Troubleshooting Machine GPO issues
Knowledge Base ID: KB12554
Version: 2.0
Published: 03 Nov 2009
Updated: 03 Nov 2009
Categories: . IC_4000
. IC_6000
. OAC Enterprise
. OAC FIPS Edition
. IC_4500
. IC_6500

Synopsis:
This document contains suggestions for troubleshooting Machine GPO issues in an 802.1x environment.

Problem:
This document is written with the assumption that all authentications are successful.

Before reading through this document, please be sure that Machine GPOs are working in a non-802.1x environment. Also ensure that your end-user machine is running a current service pack and that your network adapter’s driver is up to date.

Solution:

Note: Once a Windows machine has been assigned an IP address Windows will try and establish a secure connection to the DC and then move on to Machine GPO processing. If a machine is placed on a VLAN that does not have access to the DC prior to a Machine 802.1x connection you may have difficulties getting Machine GPOs to run reliably.




When Machine GPOs run unreliably or not at all, it is important to identify where the break is occurring. Typically GPOs fail to run for 1 of 2 reasons, delays in authentication or delays in IP Address assignment.

The simplest way to test that Machine Authentication and DHCP is working is to ping the test machine as it boots up. The more successful pings before the Ctrl-Alt-Del screen the better. 
Considering that there is no OAC UI to look at while a machine boots up trouble shooting Machine Authentication can be tricky. For that reason use a level 5 OAC debug log and a packet capture to track events.  For a packet capture in a wired environment it is suggest to mirror the port the test machine is connected to. For wireless networks, placement of the capturing machine is irrelevant.

Note: It’s recommended to test GPOs with reboots. That way any solution will address the delays involved with services starting up.

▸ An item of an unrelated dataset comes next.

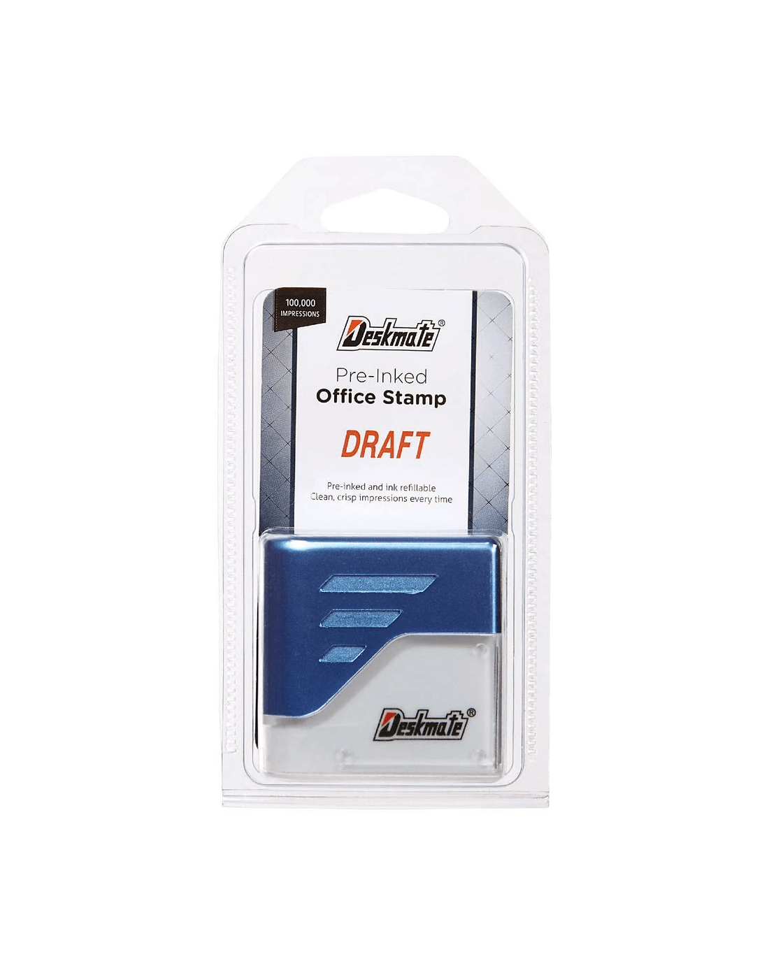 Deskmate Pre-Inked Office Stamps are durable, reliable and suitable for high volume office use. The stamps provide approximately 100,000 sharp impressions and can easily be reinked when necessary.

Troubleshooting Basic Connectivity

  1. It is recommended to delete the existing OAC log before every test. The log is located in the directory below.
    C:\Documents and Settings\All Users\Application Data\Juniper Networks\Logging
  2. After deleting the logs reboot the test machine and start the packet capture as the machine begins to boot up.
  3. Once the “Ctrl-Alt-Del” screen appears, login without waiting.
  4. When the desktop appears, bring up the OAC Client Manager and select Tools\Logs.
  5. In the log window select “save all”, then stop the packet capture.

    Don’t be concerned if the OAC log window is blank. When “save all” is selected OAC will create an OAC_Logs.zip file that contains your log.
  6. Extract the debuglog.log file from the OAC_Logs.zip. If the log was deleted before the system was rebooted the steps below will help provide a good picture of what occurred between system startup and user login.
  7. Search for one or more of the following highlighted events in the log and note the time.
    • “WlEventStartup()”
    • \\HKLM\Software\Funk Software, Inc.\Odyssey\client\configuration\machine
    • New identity added (MachineAccount). MachineAccount in this case is the name of the profile configured in OAC under Machine Authentication.
    • Port is up, BSSID = 0180C2000003, SSID =
    • Processing EAP-Request/Identity: code
    • Processing EAP-Success: code = 3
    • Authorize() Renew outer IP address
    • S T A R T I N G W I N D O W S L O G O N

    You should have a list of events that looks something like this.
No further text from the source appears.